Com base no Direito Civil, conclui-se que a relação médico-paciente é
contratual e tem obrigação de meio, não de fim. Assim, o médico deve agir para
evitar eventos danosos, como a morte, porém, não há a obrigação de curar o
enfermo, mas sim a obrigação de exaurir os caminhos existentes. Nesta obrigação
de meio, o profissional médico responde de forma subjetiva, onde há que se
comprovar a existência de negligência, imprudência ou imperícia, além da
comprovação do dano e do nexo de causalidade. Desta forma, entende-se que, se
um médico deixa de atender um paciente em situação emergencial, e este vem a
falecer, há a existência de culpa, sendo que era dever do médico agir e não agiu,
causando o evento danoso.
Na esfera penal a conclusão é de que o médico pode responder pelo crime de
omissão de socorro caso deixe de prestar atendimento ao paciente em risco de vida.

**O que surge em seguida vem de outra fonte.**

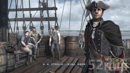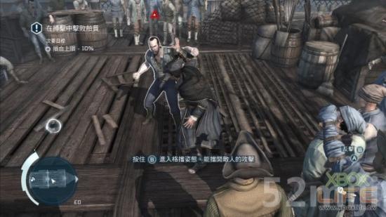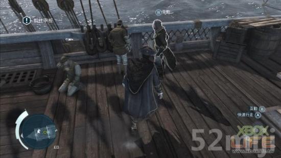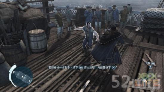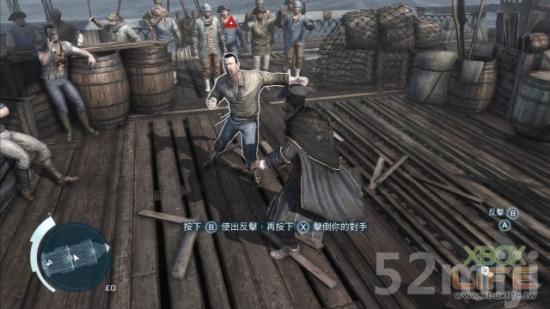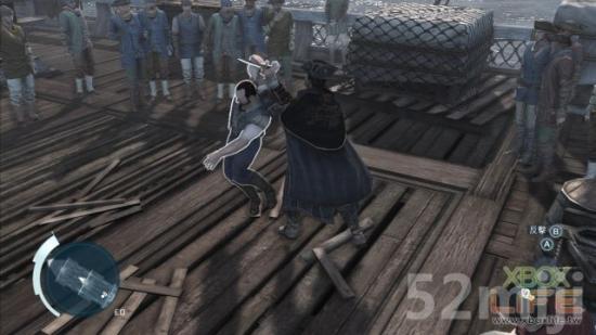 到了中段甲板,听到水手鬼鬼祟祟的谈话后,水手讥讽康纳爸,康纳爸反唇相讥,于是很自然的双方就开始「钉孤枝」,这其实是基本战斗教学。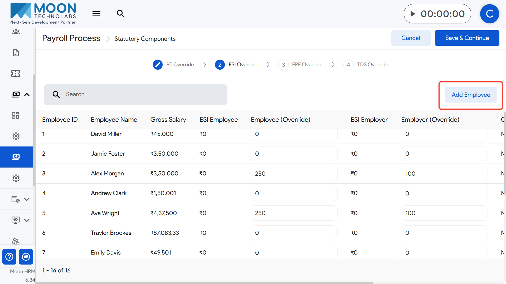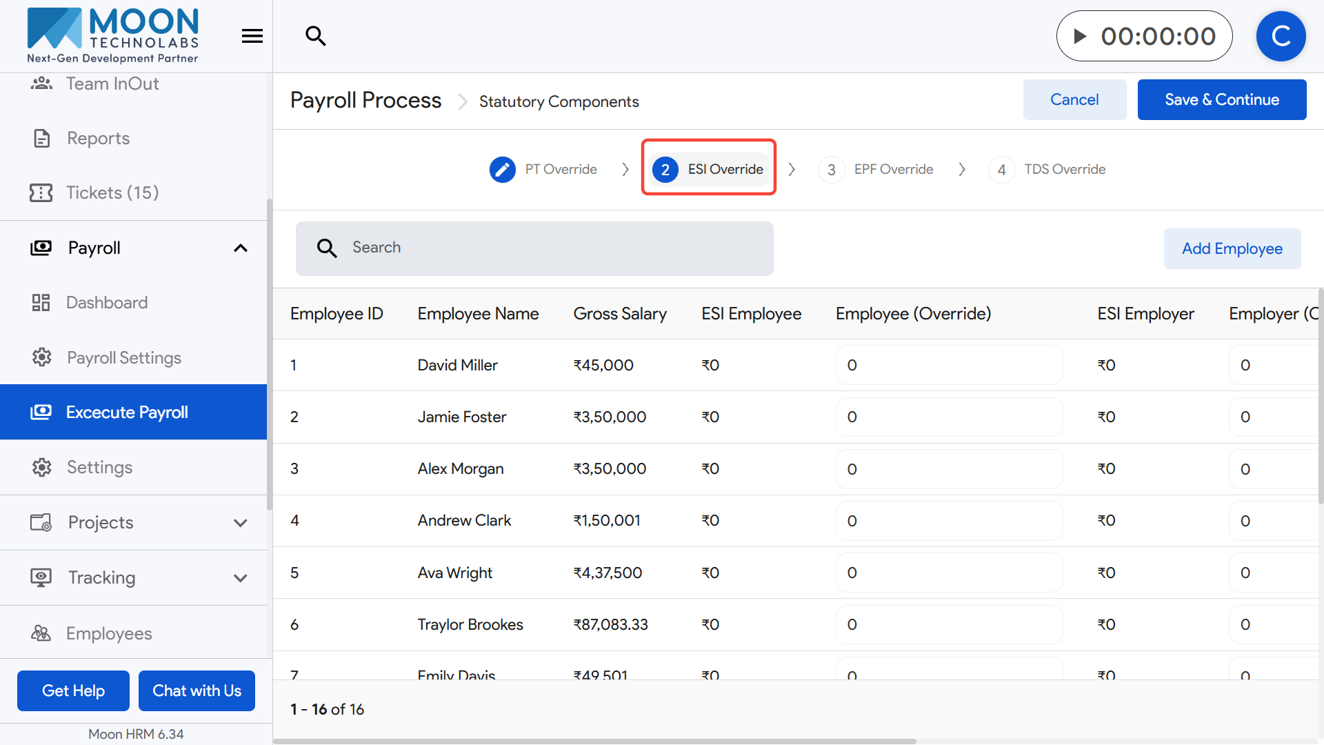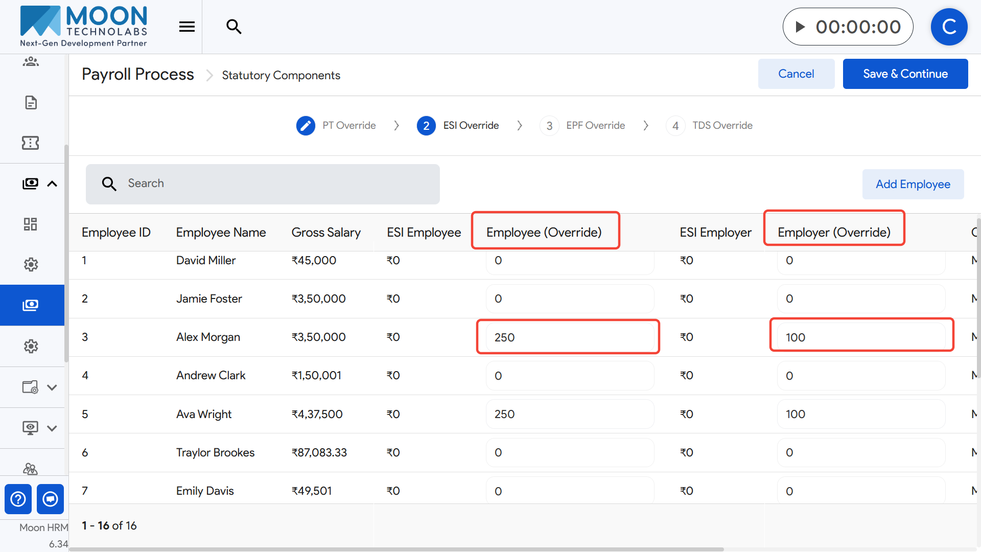Once all ESI overrides are finalized, click Save & Continue to move to the next override stage in payroll execution.

Já quanto ao crime de constrangimento ilegal, que poderia ser argumentado, uma
vez que o médico fere a liberdade individual do enfermo, este não se aplica, pois tal
situação se enquadra na exceção de estrito cumprimento do dever legal ou exercício
regular do direito.
Observa-se então uma coerência lógica na legislação brasileira quando
determina, em todas as esferas analisadas, o claro dever do médico de agir quando
se deparar com um paciente com risco eminente de vida, mas que, mesmo assim
recuse tratamento. Não há então, um só motivo que obrigue o médico a agir de
forma contrária, acatando ao pedido do enfermo que se encontra morrendo. O
profissional médico só deve garantir que a vontade do paciente seja executada
quando houver margem para tal escolha, sem que ela prejudique a vida e a
integridade física do paciente.
47
É preciso entender que este trabalho não é contra a religião, mas sim a favor
da lei e do direito à vida. Assim, a religião não está acima de tudo, muito menos
acima da vida, tendo em vista que isso seria logicamente um contrassenso, pois,
como garantir o direito à liberdade religiosa se não houver o direito à vida garantido
previamente? É possível aprofundar este pensamento quando entende-se que de
nada adianta garantir qualquer direito sem antes garantir o da vida, pois nada pode
acontecer a um indivíduo sem que haja a vida.
Entendo que defender o dever do médico de agir nos casos citados neste
trabalho não significa que o homem não seja mais o verdadeiro dono de seu corpo
ou que caiba ao Estado decidir arbitrariamente o rumo das pessoas. Acredito,
entretanto, que o que deve ser evitado, é a banalização do direito à vida, tendo
como argumento qualquer direito menor e, portanto, menos importante.
Garante o artigo primeiro da Constituição Federal que o Brasil é um Estado de
Direito, onde as leis devem ser seguidas, e os atos executados conforme
preceituado legalmente. Portanto, há que se fazer cumprir o texto da lei e, como
amplamente demonstrado aqui, ele garante que o direito à vida é o mais importante,
sendo o bem supremo a ser tutelado pelo Estado e por todos. Demonstrou-se
também que a lei garante ser dever do médico agir quando se deparar, em situações
de urgência, com pacientes em risco de vida. Resta inequívoca, portanto, tal
conclusão.
Por fim, importante destacar que há textos pregando a necessidade de
normas mais humanas e eticamente aceitas, normas que acompanhem os avanços
da medicina e que apontem critérios para que o morrer dignamente seja uma
realidade. Entretanto, a lei jamais agradará a todos, e que problemas polêmicos
envolvendo-a sempre surgirão, sendo que, apenas uma ponta do iceberg será
percebida. Mesmo assim, enquanto a lei não se adapta aos costumes e interesses
do povo, ela há de ser cumprida por todos, exatamente na forma em que está
disposta. Só assim haverá segurança jurídica sem que seja preciso buscar o poder
judiciário. Ainda, quanto ao direito à vida, busco defender que ele não se torne um
discurso abstrato e sem sentido, mas algo efetivamente protegido pela lei.
48
Um início de mudança neste sentido é possível ser encontrado no anteprojeto
do novo Código Penal, no art. 121, §4º onde trata de descriminalizar a prática da
eutanásia decorrente da vontade do paciente ou de seus familiares. Percebe-se
assim que está havendo uma evolução acerca do tema na sociedade brasileira.